# How can I simplify a radical in the numerator?

I have the following problem to simplify and I am lost on how to proceed:

$$\frac{\sqrt{1-x}+3}{2}$$

I'm aware that I can rewrite $$\sqrt{1-x}$$ as $$(1-x)^\frac{1}{2}$$ but then I don't know where to go from there.

The solution provided is $$\sqrt{\frac{1}{x}+2}$$.

How can I arrive at this solution? More granular baby steps very much appreciated.

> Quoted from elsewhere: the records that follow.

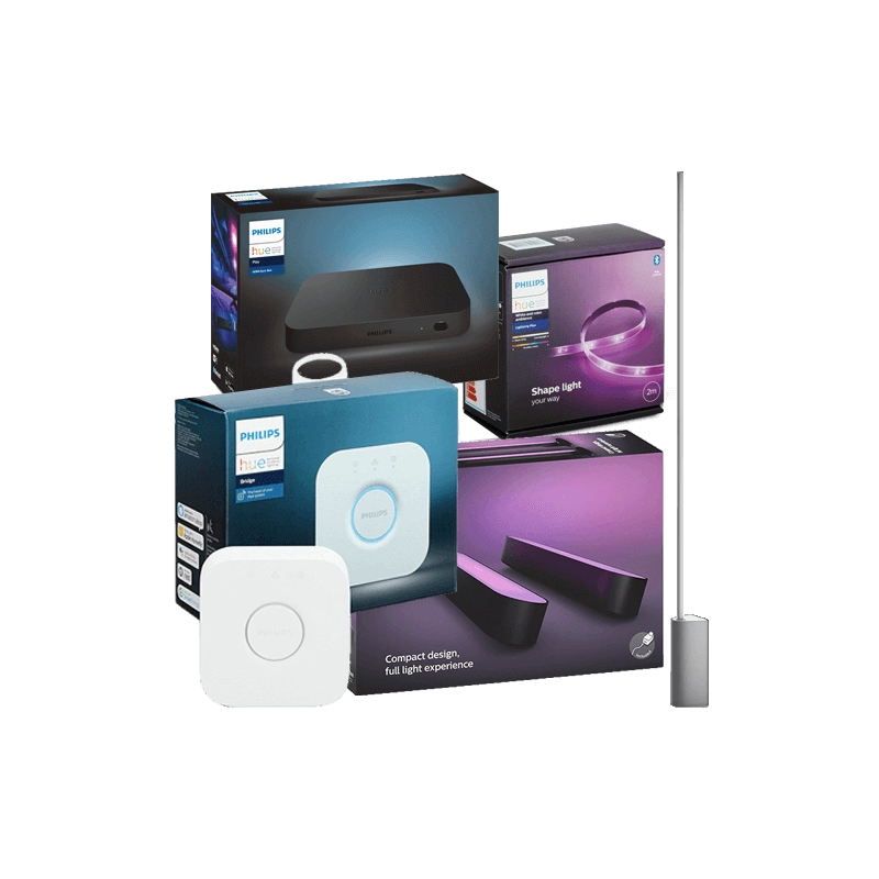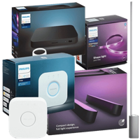- Tuotepaketti sisältää 2 kpl Hue Play -valopalkkia, Signe-lattiavalaisimen, Lightstrips -valonauhan, Hue Bridge -sillan ja HDMI Sync Boxin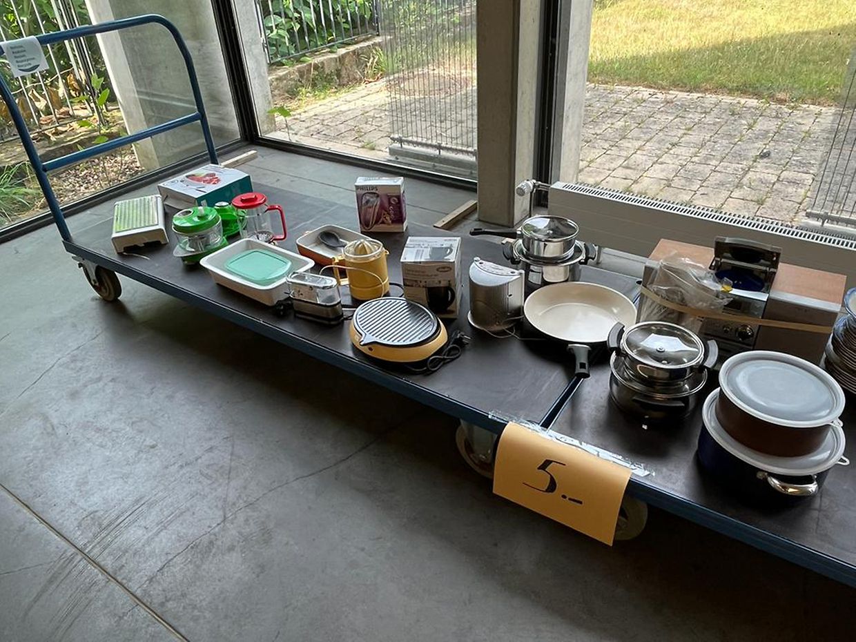 Porzeläin, Glieser, Bicher, Spillsaachen, klengen Elektro, Sammeltasen, Léngent, kleng Miwwel, Biller, Déco,a vill Extraes …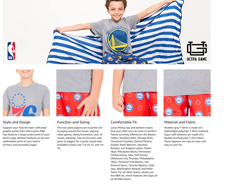 - STYLE AND DESIGN: Top features a large screen print of your team's logo, as well as an Ultra Game NBA jock tag. Bottom features an all over sublimation print of your team's primary and secondary logos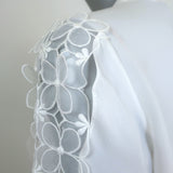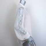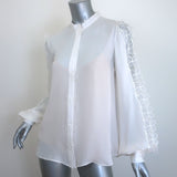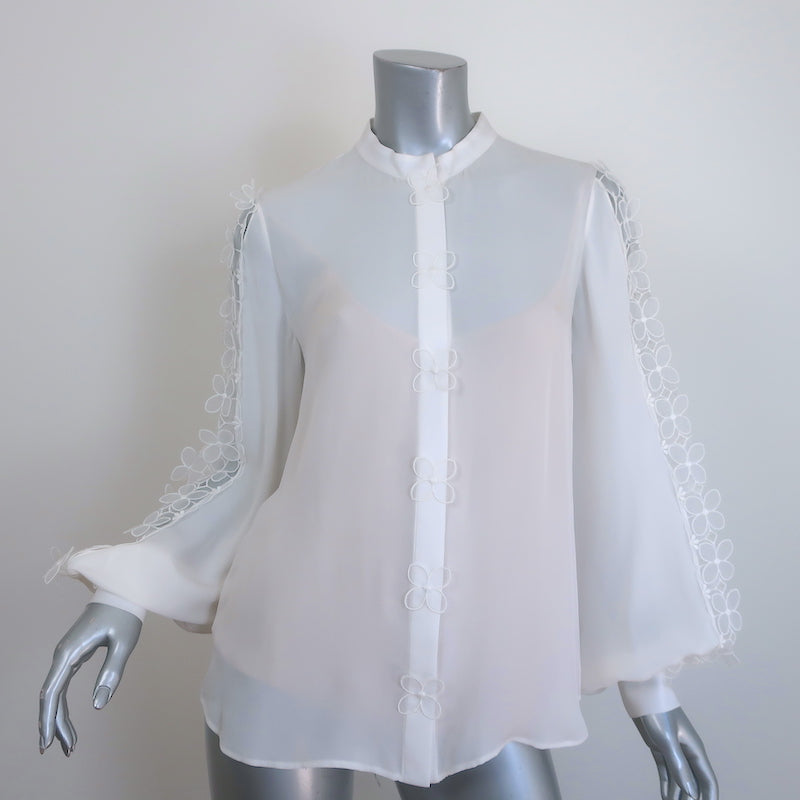 Oscar de la Renta Organza Flower-Trimmed Blouse Cream Silk Size 6 NEW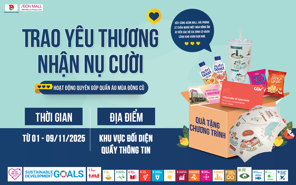 ✨ Tham gia ngay sự kiện để nhận về những phẩn quà tặng hấp dẫn cũng như lan toả tinh thần tích cực đến với mọi người xung quanh cùng AEON MALL Hải Phòng Lê Chân bạn nhé!

• It's not true in general. Take $x=1$ for example Nov 19 '19 at 16:15
• and even worse as $x \to 0+$ Nov 19 '19 at 16:17
• To me, nothing could be simpler than the original expression. Nov 19 '19 at 16:17
• I tried to answer the wrong question in my book. My bad. The solution is the incorrect one - sorry. But, out of curiosity, how would one simplify a radical in the numerator? Nov 19 '19 at 16:20
• @DougFir: When you say "radical in the denominator" (though your title says numerator) do you mean like $\dfrac 1{\sqrt2}$ or $\dfrac 1{\sqrt2 -1}$ or something else? Nov 19 '19 at 16:21

$$\begin{array}{c|cc} x & \frac{\sqrt{1-x}+3}{2} & \sqrt{\frac{1}{x} + 2} \\ \hline 2 & \text{undefined} & \sqrt{\frac{5}{2}} \\ 1 & \frac{3}{2} & \sqrt{3} \\ 0 & 2 & \text{undefined} \end{array}$$
You can write $$\frac{\sqrt{1-x}}{2}+\frac{3}{2}$$